Most efficient way to make a Histogram from an array in Java

2.5k Views Asked by At

I want to count the frequency of occurrence of numbers in a double array by binning (example array below). Essentially the same functionality provided by Python numpy's histogram(). I'm on a constrained environment and have access to basic Java Math and jblas library, but nothing else and no other third party libraries like colt are installable.

double[] x1 = {1, 1, 2, 2, 1, 3, 2}

I have a separate sorted array which marks the start and end of the binEdges and looks like the following:

binEdges = [4.9E-324, 1.0, 1.0, 1.0, 2.0, 2.0, 2.0, 2.0, 2.0, 3.0, 4.0, 4.0, 5.0, 5.0, 7.0, 1.7976931348623157E308]

Note that the binEdges array may have repeated elements and I would like to keep them such. Hence, with the given binEdges array the result of frequency count will looking like:

binCounts = [0.0, 0.0, 0.0, 3.0, 0.0, 0.0, 0.0, 0.0, 3.0, 1.0, 0.0, 0.0, 0.0, 0.0, 0.0]

The binCounts array combined with the binEdges, when read from left to right is as follows, note the braces on the bin intervals:

Bin interval frequency [4.9E-324, 1.0) 0 [1.0, 1.0) 0 [1.0, 1.0) 0 [1.0, 2.0) 3 (since we have 3 ones in x1) . . . . . .

I currently have the following implementation, which runs in O(nlgn), assuming the sorting takes O(nlgn). I'm wondering if this can be trimmed down to something lower than O(nlgn). I have looked around in jblas as well and don't know of a library function for binning, if folks over here have any other insights on other native Java tricks or clever indexing scheme that they can point me to.
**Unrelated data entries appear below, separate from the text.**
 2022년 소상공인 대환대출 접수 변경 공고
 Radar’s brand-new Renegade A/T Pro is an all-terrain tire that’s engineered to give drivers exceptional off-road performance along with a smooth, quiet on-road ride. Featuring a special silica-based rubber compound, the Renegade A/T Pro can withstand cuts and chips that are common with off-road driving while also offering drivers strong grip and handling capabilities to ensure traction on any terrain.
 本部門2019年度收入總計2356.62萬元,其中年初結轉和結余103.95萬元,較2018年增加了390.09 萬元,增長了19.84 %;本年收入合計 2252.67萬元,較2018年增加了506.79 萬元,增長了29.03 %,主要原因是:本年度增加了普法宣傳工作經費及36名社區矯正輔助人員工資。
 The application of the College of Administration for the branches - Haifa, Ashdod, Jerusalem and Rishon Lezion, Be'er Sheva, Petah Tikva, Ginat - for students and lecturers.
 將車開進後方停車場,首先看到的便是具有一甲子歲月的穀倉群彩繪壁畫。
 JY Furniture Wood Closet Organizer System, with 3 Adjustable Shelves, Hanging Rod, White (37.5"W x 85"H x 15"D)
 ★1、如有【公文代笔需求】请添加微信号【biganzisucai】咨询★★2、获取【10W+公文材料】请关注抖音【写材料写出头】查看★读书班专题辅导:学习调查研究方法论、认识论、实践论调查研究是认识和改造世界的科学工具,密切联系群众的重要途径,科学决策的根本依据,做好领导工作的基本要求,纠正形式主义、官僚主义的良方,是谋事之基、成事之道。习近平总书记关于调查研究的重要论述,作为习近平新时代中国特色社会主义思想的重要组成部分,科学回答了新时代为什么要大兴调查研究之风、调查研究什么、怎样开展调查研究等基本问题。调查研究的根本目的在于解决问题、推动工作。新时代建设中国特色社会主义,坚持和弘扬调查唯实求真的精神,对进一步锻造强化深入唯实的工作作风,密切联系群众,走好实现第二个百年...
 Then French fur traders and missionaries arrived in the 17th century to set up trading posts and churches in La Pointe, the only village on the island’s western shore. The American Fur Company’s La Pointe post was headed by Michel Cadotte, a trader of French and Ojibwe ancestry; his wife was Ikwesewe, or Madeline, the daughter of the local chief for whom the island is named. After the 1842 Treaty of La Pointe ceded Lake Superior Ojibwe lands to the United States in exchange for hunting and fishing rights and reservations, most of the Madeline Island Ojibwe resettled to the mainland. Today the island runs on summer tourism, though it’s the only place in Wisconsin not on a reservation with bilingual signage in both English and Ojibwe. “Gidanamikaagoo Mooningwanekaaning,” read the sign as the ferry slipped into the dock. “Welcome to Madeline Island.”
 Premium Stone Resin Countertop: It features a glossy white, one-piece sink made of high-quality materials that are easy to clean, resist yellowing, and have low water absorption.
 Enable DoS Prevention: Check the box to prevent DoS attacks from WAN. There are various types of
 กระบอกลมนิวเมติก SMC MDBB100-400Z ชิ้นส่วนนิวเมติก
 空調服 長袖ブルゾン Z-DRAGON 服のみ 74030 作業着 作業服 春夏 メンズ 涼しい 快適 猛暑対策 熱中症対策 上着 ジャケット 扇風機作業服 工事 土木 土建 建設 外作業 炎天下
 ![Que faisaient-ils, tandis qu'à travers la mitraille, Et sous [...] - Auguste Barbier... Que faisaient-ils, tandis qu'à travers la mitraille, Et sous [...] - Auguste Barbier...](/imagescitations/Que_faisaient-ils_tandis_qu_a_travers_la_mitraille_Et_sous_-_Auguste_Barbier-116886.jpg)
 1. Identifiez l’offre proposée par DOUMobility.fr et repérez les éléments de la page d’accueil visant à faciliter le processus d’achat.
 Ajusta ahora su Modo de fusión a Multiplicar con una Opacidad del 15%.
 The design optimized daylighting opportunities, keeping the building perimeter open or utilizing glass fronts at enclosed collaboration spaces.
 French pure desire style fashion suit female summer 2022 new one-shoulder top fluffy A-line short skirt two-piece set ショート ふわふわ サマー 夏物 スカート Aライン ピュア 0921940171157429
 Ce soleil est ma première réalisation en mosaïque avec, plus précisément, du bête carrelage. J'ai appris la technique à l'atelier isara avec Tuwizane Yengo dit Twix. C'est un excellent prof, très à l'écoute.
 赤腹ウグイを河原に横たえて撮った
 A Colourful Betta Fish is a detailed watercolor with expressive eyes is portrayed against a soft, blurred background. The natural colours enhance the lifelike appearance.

Other suggestions on improving the code which cut down running time are also welcome.

Cutting the time down is important because the data at hand is huge.

public static double [] binCounts(double[] x, double[] binEdges){
    double [] ret = new double[binEdges.length - 1];
    Arrays.sort(x); // takes O(nlgn), the loop below is effectively O(n)
    int k = 0;
    for (int i = 0; i < binEdges.length - 1; i++) {    
        if (binEdges[i] == binEdges[i+1])
            continue;
        for (int j = k; j < x.length; j++){
            if (x[j] >= binEdges[i+1])
                break;
            else if (x[j] >= binEdges[i] && x[j] < binEdges[i+1]){
                ret[i] += 1;
                k++;
            }
        }
    }
    return ret;
}
3

There are 3 best solutions below

3
On BEST ANSWER

You can binary search for binEdges using TreeMap:

public static double[] binCounts(double[] x, double[] binEdges) {
    int binEdgesSize = binEdges.length;
    NavigableMap<Double, Integer> binEdgesMap = new TreeMap<>();
    for (int i = 0; i < binEdgesSize; ++i)
        binEdgesMap.put(binEdges[i], i);
    double [] ret = new double[binEdgesSize - 1];
    for (double d : x) {
        Entry<Double, Integer> e = binEdgesMap.ceilingEntry(d);
        if (e != null)
            ++ret[e.getValue()];
    }
    return ret;
}
0
On

If you take a look at your data, you can try to recognize if they have any patterns, you can figure out any best case sorting algorithm can fits in, or get some insight on how image compress.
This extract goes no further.